From the dust cover: “In Apple Blossom Time is a story about love, regrets, destiny and redemption, based on the true life and research of Dr. Willem Jacob van Stockum. Dr. van Stockum, a brilliant University of Maryland mathematics professor, becomes frustrated with American indifference about the war in Europe before Pearl Harbor, and abandons his promising academic career to become a bomber pilot in the British Royal Air Force. While flying a mission in support of the D-Day invasion of Europe, his plane is shot down behind the lines over Normandy and he is rescued by stranded American paratroopers. While they fight for survival in the French countryside, they meet up with ruthless French Resistance fighters and two strangers who are not what they appear to be. Willem’s pioneering academic work on time travel and Einstein’s Theory of Relativity pose intriguing “what if?” questions compelling him to face the implications of his work and the consequences of choices in a universe of infinite possibilities.”

My Ebook review: this book has all of the elements of a tremendously exciting novel. It has a real life historical figure, science at the very edge of our ability to comprehend or understand and daring war time exploits.

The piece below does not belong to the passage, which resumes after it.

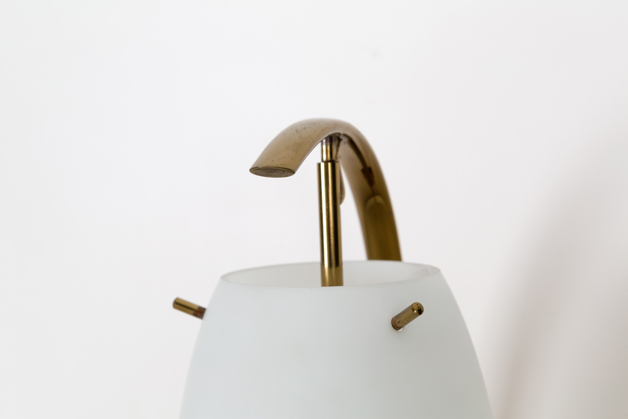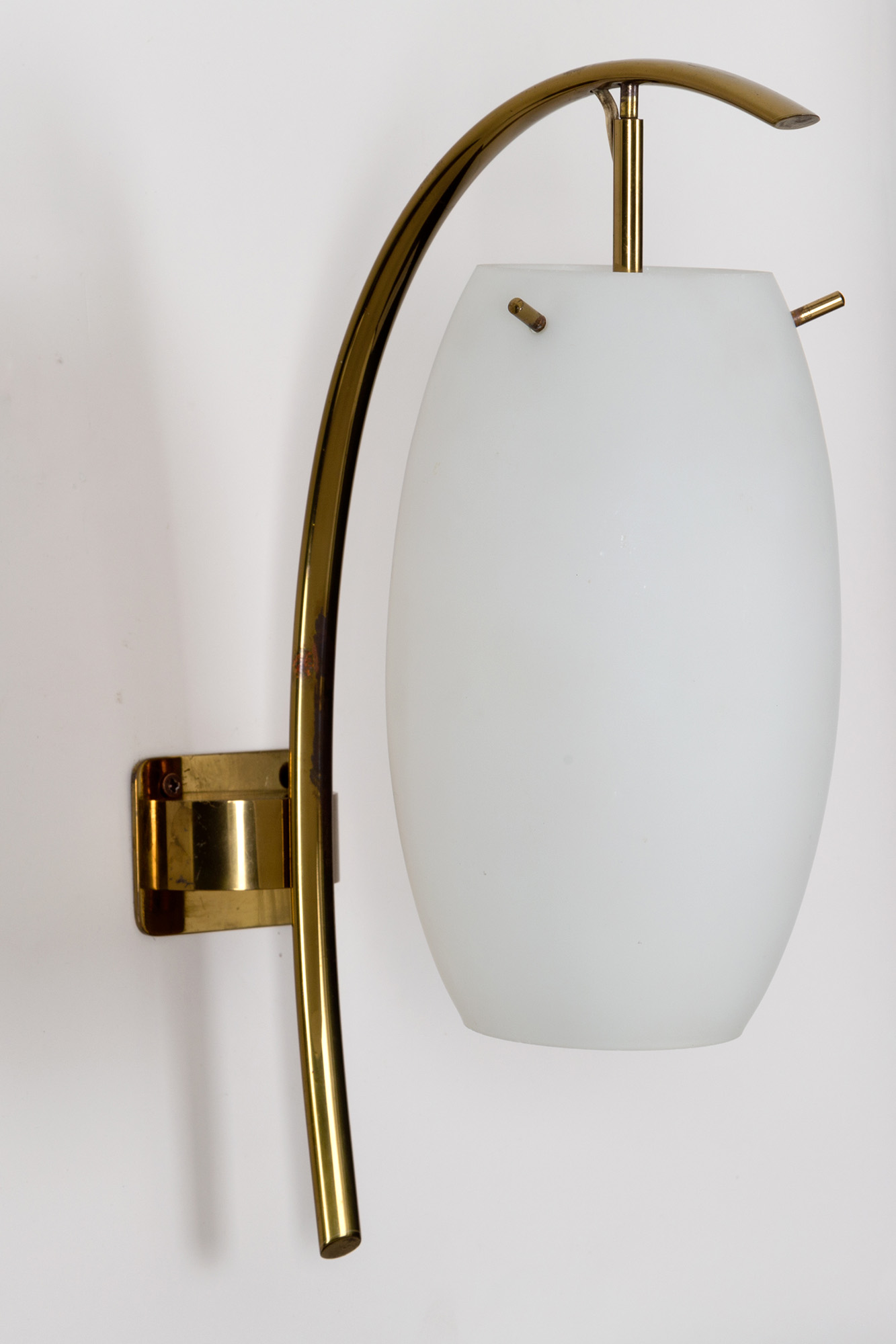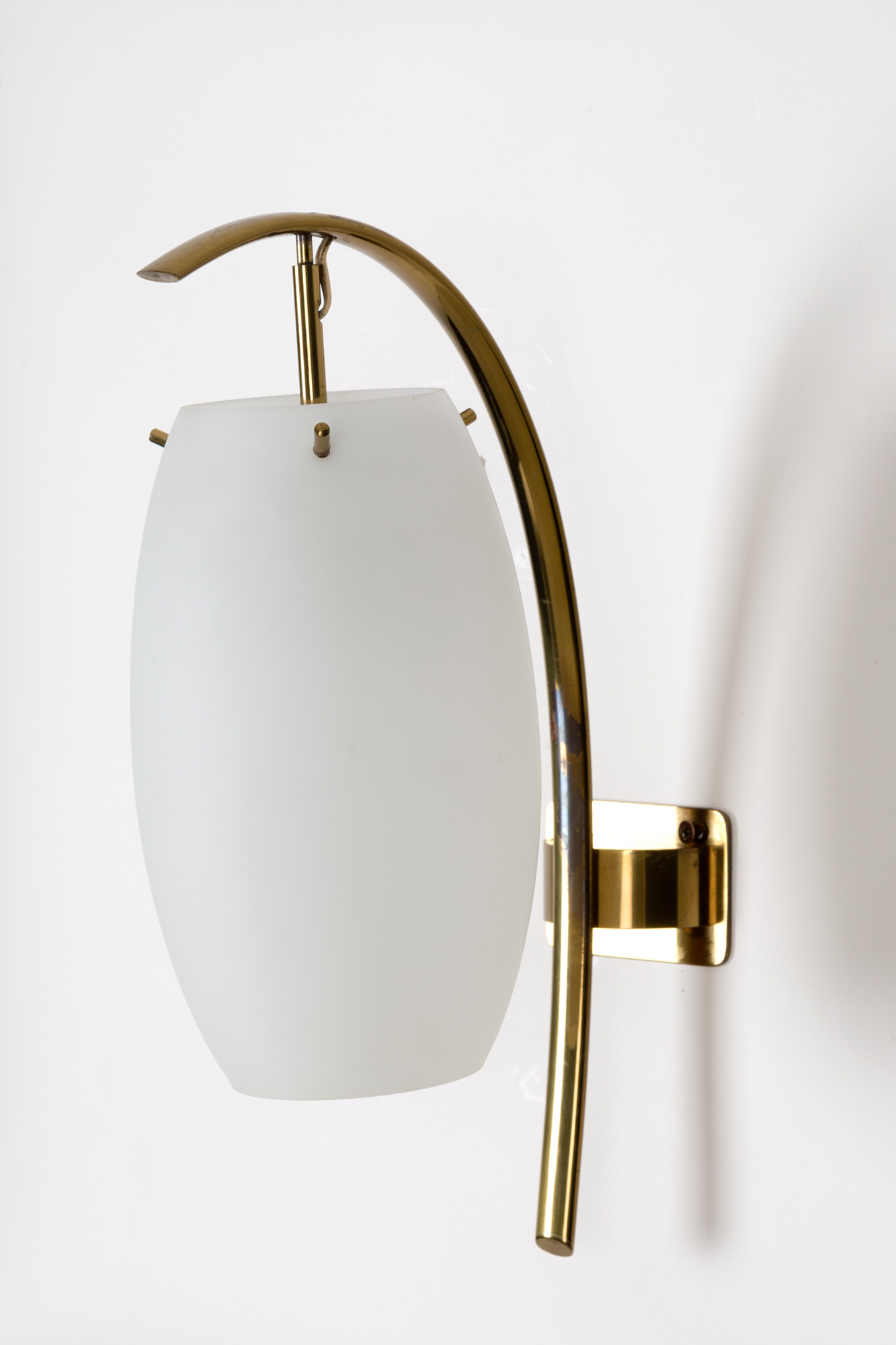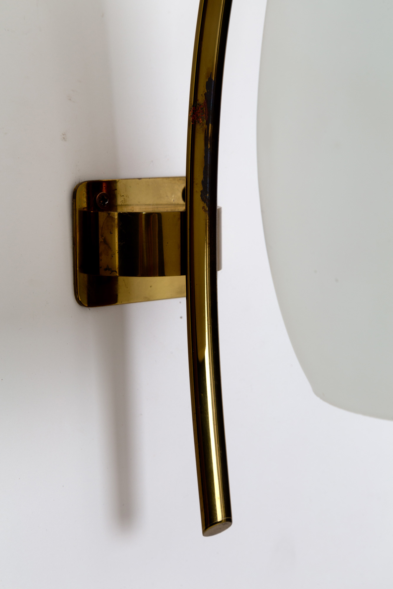 ANGELO LELII (Ancona, 1915-1987) per ARREDOLUCE. Applique in ottone lucido con diffurose in vetro duplex opalino bianco. 1956 ca. Pubblicato sul catalogo Arredoluce. Mis. Lung. cm. 12 Alt. cm. 34 Prof. cm. 25 ca.

I am not a fact checker or someone who gets overly excited about whether the details are exact, but “In Apple Blossom Time” has the feel of authenticity and a level of research into the main character.
The main question comes down to: does it work? The answer is both yes and no. The story is a neat one and has twists and turns and certainly the unexpected elements that make it dramatic and thought provoking. On the negative side for me it was a slow moving work with a lot of time taken to set up a background and bring people together in order that they wait. It lacked a little of the breathless fast pace that I would have expected and probably I found it hard to empathize with many of the characters who appear as names with little definition yet took time away from the main flow of the plot.
As I got through the book I had a growing feeling that this would have made a splendid and punchy novella by which I mean that a ruthless editing to build pace and tension might well have generated a tip top piece that would have the feeling of a Hollywood blockbuster. As it stands, this is a fine and entertaining novel that provokes thought about science, about coincidence and about people choosing to put themselves in harm’s way to try to fight for a cause.